Three necked round bottom flask 10 L;
Retort stand and clamp for securing apparatus;
Top stirrer;
Drip funnel 500 mL;
Separatory funnel (optional);
Glass rod and spatula;
Heating plate;
Laboratory grade thermometer;
Laboratory scale (1-1000 g is suitable);
Measuring cylinders 100 mL and 1 L;
Funnel;
Filter paper;
pH Indicator paper;
Rotovap machine;
Vacuum source;
Buchner flask (large) and funnel;
Beakers 1000 ml x2 and 2000 ml x2;
*Safety precautions when working with bromine:*
Bromine has an orange-red fumes with a sharp smell. Bromine is rapidly absorbed by skin and caused hard long non-healing burns and ulcers. A bromine vapors are caused a burning sensation in nose and throat during contact with mucous membranes. All manipulations with bromine and syntheses have to be carried out in an exhaust fume hood with rubber gloves, protective googles and mask. Bromine should be poured into a flat-bottomed flask through a conical funnel, which is fixed above the flask on retort stand. A tip of the funnel must be inside of the flask. It is necessary to thoroughly remove a lubricant from grinding surfaces of crane and clutches of a drip funnel and clean them with phosphoric acid .​
*Synthesis in DCM:*
*1.* 4-Methylpropyophenone 1000 g is placed into a 10 L flask.
*2.* Dichloromethane (DCM) 3000 ml is poured there and stirred for 5 min.
*3.* The stirring is stopped.

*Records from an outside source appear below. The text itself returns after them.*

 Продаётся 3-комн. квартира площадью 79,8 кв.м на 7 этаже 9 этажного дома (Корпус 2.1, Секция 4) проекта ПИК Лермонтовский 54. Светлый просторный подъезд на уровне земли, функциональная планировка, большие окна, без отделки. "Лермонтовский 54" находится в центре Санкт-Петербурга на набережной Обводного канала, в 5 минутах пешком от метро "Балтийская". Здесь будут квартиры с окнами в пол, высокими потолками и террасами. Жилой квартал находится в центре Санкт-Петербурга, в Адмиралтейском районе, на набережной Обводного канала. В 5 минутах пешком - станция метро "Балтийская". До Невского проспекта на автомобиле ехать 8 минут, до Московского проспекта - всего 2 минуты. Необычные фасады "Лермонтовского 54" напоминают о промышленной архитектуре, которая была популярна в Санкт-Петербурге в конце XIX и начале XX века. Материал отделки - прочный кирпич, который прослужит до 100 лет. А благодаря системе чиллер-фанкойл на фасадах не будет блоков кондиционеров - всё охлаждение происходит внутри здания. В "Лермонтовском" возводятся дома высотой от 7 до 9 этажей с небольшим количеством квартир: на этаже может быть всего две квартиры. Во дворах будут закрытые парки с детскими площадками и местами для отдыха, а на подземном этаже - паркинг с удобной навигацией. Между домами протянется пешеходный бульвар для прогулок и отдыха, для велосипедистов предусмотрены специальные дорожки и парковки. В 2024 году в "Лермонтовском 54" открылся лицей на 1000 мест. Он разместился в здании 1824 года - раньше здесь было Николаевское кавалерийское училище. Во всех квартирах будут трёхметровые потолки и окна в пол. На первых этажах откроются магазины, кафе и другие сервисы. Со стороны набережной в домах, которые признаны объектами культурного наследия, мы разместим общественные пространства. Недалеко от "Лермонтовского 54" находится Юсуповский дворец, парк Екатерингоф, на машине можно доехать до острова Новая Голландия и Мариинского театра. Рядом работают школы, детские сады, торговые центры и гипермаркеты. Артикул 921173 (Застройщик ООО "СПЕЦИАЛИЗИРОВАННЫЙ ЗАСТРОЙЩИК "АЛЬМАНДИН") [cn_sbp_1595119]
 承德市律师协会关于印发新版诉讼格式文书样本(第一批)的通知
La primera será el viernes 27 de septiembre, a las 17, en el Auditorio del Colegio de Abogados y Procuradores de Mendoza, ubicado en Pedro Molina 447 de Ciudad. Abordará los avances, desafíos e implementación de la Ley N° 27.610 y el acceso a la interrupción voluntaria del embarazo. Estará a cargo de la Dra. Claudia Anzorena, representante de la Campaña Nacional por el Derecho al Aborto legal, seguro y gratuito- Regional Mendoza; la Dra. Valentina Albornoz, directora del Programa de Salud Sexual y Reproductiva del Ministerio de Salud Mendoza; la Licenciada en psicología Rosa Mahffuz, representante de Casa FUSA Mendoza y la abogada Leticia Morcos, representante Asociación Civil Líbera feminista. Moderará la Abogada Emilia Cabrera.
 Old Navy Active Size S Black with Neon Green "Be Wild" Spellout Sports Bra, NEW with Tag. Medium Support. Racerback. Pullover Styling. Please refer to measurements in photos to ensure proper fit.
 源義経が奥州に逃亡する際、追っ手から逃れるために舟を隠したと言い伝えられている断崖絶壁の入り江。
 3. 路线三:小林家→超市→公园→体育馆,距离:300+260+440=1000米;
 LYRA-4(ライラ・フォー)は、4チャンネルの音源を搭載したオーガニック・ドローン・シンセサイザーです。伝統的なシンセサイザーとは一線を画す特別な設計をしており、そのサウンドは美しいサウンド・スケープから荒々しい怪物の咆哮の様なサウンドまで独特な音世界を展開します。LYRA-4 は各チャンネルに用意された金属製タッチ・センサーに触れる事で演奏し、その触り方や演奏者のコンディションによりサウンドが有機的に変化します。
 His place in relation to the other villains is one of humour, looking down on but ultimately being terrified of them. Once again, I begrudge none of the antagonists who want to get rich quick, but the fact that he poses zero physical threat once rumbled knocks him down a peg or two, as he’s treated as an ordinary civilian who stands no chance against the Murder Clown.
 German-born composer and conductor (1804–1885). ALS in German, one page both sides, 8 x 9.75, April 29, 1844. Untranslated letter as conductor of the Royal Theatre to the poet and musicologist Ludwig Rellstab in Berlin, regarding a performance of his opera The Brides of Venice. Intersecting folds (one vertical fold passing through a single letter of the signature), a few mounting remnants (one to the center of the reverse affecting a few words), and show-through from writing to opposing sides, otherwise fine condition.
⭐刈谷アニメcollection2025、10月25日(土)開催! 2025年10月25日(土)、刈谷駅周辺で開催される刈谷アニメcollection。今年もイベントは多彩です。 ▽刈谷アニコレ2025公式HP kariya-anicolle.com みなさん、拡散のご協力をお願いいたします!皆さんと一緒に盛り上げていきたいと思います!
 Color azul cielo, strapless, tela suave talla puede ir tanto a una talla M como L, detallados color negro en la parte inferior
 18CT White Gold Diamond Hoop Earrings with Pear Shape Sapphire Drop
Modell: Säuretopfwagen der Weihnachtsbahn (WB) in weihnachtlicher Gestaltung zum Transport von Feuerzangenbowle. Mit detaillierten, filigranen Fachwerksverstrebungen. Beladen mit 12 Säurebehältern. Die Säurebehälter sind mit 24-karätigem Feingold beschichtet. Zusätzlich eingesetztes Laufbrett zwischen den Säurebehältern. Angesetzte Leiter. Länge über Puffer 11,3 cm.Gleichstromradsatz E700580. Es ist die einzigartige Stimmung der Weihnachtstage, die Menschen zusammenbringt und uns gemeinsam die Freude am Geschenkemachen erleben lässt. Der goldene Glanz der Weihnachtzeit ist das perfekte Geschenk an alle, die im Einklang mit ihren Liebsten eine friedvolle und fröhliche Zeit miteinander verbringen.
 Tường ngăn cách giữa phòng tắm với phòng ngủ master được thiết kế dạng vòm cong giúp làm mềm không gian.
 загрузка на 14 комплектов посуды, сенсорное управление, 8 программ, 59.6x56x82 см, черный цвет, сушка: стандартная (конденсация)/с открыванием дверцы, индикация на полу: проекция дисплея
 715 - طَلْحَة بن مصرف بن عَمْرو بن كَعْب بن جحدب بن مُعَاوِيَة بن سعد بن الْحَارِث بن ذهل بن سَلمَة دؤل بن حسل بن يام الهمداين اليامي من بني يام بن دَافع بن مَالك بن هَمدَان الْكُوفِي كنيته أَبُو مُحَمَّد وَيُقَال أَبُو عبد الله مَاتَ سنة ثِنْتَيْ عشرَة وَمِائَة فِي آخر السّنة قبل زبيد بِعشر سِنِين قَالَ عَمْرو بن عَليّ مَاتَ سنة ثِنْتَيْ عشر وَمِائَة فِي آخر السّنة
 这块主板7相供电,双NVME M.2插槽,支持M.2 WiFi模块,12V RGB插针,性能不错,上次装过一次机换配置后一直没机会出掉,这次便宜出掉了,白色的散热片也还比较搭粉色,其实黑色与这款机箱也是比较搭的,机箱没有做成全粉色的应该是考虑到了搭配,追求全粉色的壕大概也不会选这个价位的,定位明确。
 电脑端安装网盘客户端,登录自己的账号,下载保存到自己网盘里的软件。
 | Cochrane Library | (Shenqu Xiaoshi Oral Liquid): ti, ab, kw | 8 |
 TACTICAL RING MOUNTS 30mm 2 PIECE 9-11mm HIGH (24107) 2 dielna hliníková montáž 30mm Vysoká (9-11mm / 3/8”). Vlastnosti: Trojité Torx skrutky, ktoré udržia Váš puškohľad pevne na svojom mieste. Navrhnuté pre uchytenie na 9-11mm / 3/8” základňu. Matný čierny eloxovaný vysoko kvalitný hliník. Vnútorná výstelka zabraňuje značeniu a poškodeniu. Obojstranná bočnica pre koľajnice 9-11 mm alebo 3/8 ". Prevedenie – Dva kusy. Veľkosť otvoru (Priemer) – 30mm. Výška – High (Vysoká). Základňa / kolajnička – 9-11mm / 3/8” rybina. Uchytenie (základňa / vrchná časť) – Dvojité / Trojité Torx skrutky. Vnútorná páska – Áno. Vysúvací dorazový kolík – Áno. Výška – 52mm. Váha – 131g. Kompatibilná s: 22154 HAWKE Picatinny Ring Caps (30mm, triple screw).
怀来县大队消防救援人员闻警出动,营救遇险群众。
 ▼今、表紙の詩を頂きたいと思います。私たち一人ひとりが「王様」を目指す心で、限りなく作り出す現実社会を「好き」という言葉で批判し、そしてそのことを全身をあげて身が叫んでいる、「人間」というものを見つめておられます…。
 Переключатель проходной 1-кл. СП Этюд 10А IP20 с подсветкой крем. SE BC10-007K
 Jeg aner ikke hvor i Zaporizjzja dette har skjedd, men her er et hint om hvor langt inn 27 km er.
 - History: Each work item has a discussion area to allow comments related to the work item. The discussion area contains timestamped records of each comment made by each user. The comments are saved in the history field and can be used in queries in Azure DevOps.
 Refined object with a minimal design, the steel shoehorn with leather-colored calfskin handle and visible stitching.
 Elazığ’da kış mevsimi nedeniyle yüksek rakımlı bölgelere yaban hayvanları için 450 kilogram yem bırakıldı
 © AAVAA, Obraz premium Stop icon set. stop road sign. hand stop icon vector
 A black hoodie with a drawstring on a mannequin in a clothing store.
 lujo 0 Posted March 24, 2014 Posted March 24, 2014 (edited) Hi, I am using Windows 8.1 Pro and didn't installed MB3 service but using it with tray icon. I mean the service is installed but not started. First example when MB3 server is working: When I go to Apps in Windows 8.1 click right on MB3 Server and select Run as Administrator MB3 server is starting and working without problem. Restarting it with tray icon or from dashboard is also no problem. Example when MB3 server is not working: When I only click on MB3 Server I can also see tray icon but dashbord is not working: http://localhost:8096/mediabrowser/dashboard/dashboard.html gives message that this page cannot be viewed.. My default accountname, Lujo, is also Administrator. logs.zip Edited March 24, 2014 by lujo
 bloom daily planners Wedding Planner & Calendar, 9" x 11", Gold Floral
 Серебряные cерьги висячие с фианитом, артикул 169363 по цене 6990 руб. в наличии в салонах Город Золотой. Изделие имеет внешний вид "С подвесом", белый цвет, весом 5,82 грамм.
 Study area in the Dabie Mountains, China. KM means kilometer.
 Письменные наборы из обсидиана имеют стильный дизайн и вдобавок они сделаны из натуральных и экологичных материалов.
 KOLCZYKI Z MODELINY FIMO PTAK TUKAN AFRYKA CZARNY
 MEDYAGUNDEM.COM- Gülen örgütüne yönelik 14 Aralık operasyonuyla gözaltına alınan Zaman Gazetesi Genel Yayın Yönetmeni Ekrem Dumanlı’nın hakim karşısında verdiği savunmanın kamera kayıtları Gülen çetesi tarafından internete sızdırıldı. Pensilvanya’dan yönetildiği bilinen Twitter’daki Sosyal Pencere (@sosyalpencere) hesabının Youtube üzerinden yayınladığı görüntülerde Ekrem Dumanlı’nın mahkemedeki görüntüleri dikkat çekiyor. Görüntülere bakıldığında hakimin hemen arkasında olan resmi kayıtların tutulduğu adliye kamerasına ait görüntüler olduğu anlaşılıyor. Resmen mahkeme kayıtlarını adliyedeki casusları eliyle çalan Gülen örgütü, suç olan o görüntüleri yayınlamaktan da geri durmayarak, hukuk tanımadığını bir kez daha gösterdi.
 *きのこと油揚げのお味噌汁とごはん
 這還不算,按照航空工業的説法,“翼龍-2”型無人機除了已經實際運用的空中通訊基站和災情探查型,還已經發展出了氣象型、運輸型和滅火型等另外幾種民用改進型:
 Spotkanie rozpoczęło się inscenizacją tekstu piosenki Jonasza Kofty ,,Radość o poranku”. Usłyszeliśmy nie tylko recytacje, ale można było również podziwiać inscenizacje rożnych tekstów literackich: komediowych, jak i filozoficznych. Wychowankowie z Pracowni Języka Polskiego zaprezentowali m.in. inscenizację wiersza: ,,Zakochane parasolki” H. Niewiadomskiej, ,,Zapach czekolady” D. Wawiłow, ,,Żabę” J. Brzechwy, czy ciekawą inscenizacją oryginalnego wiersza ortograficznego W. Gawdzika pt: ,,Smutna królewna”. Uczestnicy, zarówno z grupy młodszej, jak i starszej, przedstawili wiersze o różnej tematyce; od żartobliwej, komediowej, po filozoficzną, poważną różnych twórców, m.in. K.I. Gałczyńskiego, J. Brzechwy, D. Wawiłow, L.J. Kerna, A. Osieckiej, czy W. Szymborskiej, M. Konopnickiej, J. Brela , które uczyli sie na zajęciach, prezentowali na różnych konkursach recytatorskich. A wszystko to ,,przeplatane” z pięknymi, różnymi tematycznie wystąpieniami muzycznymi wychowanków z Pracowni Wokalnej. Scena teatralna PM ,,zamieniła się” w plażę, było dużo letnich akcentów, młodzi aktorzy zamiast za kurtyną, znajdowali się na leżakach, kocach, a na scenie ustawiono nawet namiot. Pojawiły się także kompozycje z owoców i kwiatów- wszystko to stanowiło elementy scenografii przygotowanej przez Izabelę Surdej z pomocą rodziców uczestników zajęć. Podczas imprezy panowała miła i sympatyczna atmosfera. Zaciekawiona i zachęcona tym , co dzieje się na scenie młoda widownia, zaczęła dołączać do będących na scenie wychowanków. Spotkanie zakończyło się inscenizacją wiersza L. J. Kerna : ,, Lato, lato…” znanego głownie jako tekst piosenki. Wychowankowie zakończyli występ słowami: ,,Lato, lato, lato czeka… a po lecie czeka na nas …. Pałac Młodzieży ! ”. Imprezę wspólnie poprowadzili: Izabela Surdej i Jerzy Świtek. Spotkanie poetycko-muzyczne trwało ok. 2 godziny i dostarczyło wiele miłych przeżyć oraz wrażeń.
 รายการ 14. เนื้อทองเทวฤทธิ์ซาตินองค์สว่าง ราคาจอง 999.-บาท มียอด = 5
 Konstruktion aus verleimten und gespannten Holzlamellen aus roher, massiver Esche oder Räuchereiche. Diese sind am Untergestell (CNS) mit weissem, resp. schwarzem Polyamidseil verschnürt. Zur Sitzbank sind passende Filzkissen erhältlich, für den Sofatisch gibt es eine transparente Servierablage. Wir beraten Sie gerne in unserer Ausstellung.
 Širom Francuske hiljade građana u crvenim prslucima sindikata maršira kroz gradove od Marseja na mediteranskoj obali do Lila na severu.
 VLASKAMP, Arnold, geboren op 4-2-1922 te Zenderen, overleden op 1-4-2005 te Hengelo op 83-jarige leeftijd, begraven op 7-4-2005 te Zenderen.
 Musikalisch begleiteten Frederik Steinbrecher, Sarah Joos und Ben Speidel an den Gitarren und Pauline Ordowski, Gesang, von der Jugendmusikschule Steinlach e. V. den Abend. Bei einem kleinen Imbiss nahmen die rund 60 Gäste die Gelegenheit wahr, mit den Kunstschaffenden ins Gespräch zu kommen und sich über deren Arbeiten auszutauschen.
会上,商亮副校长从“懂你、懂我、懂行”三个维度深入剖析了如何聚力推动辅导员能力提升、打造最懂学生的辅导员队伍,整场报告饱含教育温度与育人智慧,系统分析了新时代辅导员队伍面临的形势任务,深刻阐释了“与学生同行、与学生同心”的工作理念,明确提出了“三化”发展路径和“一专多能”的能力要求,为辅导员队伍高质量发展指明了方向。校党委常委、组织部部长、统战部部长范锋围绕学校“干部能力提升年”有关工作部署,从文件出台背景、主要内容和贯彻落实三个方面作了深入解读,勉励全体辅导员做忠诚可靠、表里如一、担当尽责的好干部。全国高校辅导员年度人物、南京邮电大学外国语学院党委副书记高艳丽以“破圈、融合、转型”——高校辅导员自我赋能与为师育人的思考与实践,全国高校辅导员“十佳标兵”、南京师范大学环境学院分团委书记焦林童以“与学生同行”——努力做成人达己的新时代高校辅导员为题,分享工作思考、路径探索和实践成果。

Liquid bromine (Br2) 1080 g, 348 ml is added to a drip funnel.
*4.* Bromine (Br2) 30-50 ml is added dropwise into the flask from the drip funnel.
*5. *Bromine have to fall at the flask bottom.
*6.* Bromine must be dissolved on the bottom and the mixture have to be discolored.
*7.* The mixture is heated to 30 °C, if the solution isn't discolored.
*8.* The mixture slightly stirred and the stirring is stopped when bromine is dissolved.
*9. *A second smaller bromine portion is added to the mixture. It is stirred again after discoloration.
*10.* A third even less bromine portion is added to the mixture. It is stirred again after discoloration.
*11.* If bromine is dissolved immediately, bromine addition is continued dropwise, not by portions, with a constant stirring.
*12.* The reaction mixture is stirred 30 min after complete bromine addition.
*13.* A saturated sodium bicarbonae (NaHCO3) solution is added to the flask and stirred for 5 min. Then, layers are separated.
*14.* Distilled water is added to the organic layer, the mixture is stirred for 5 min. Layers are separated.
*15.* Organic layer is dried over sodium sulphate (MgSO4) and filtered from solids. Organic solvent is distilled off with vacuum form the solution in case you need dry 2-bromo-4'-methylpropiophenone (cas 1451-82-7). 
*16.* The mixture is left for further reaction with approximate 2-bromo-4'-methylpropiophenone (cas 1451-82-7) yield 1500 g in case you need to carry out methylamination in DCM.​
*Synthesis in Acetic acid:*
*1.* Previous synthesis steps 1-12 are same, the DCM is replaced to acetic acid.
*2.* Cold distilled water 3 L is gradually poured to the mixture and stirred.
*3.* 2-Bromo-4'-methylpropiophenone (cas 1451-82-7) is crystallized during water addition and stirred.
*4.* The 2-bromo-4'-methylpropiophenone product is filtred on Buchner flask and funnel.
*5. *The product crystals are washed with sodium bicarbonae (NaHCO3) solution, filtered and washed again with distilled water to neutral pH 6.5-7.
*6.* 2-Bromo-4'-methylpropiophenone (cas 1451-82-7) is filtered on Buchner flask and funnel, and air dried (or in vacuum desiccator) to a constant mass. ​


----------



## KHaafii

William Dampier said:


> *Reaction scheme:*
> View attachment 1220
> 
> 
> ...



William DampierFirst of all thanks for the information. 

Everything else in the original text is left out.